🤖 AI Summary
Robotic manipulation faces a critical challenge in insufficient spatial affordance modeling—i.e., “where and how to interact”—limiting performance on complex tasks such as blackboard wiping and block stacking. To address this, we propose a hierarchical affordance-aware diffusion model. First, we introduce an embodiment-agnostic affordance representation that jointly models contact points and subsequent motion trajectories. Second, we design a position-offset attention mechanism and a spatial information aggregation layer to enhance geometric awareness and cross-scale reasoning. Third, we adopt a two-stage training paradigm: contact-point pretraining followed by trajectory fine-tuning, improving generalization across tasks and platforms. Evaluated on four robotic arms—Franka, Kinova, Realman, and Dobot—the method significantly improves success rates on complex manipulation tasks and demonstrates strong cross-platform generalization. Moreover, it supports real-time inference and deployment in realistic scenarios.
📝 Abstract
Robotic manipulation faces critical challenges in understanding spatial affordances--the"where"and"how"of object interactions--essential for complex manipulation tasks like wiping a board or stacking objects. Existing methods, including modular-based and end-to-end approaches, often lack robust spatial reasoning capabilities. Unlike recent point-based and flow-based affordance methods that focus on dense spatial representations or trajectory modeling, we propose A0, a hierarchical affordance-aware diffusion model that decomposes manipulation tasks into high-level spatial affordance understanding and low-level action execution.
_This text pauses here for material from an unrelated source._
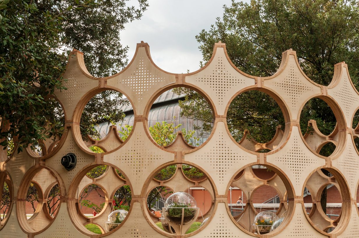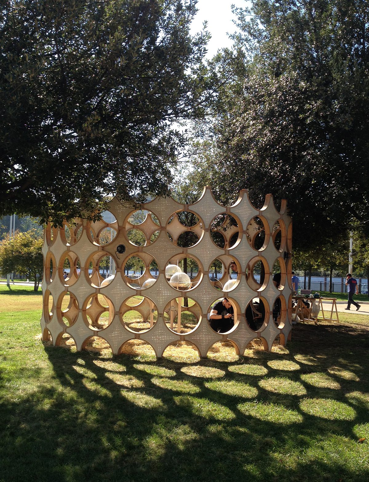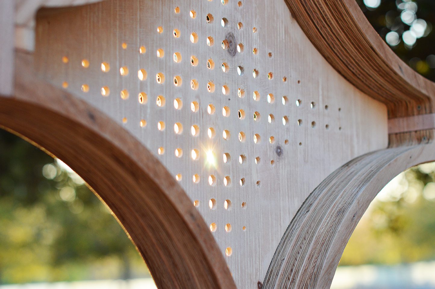It was a cross-disciplinary effort for “organic design with tactile experience.” By combining the architectural geometry with the aural enhancements, Wunderbugs displays the “inseparable (and abstract) relationship with the world’s harmony.” Creating this through a series of CNC and laser cut plywood panels, the pavilion is designed for flexibility and modularity. Putting together ancient Roman inspired façade with Arduino sensors of today, this design bridges time, but also meteorological conditions like “location, motion, humidity, temperature, and intensity of sunlight.”

A0 leverages the Embodiment-Agnostic Affordance Representation, which captures object-centric spatial affordances by predicting contact points and post-contact trajectories. A0 is pre-trained on 1 million contact points data and fine-tuned on annotated trajectories, enabling generalization across platforms. Key components include Position Offset Attention for motion-aware feature extraction and a Spatial Information Aggregation Layer for precise coordinate mapping. The model's output is executed by the action execution module. Experiments on multiple robotic systems (Franka, Kinova, Realman, and Dobot) demonstrate A0's superior performance in complex tasks, showcasing its efficiency, flexibility, and real-world applicability.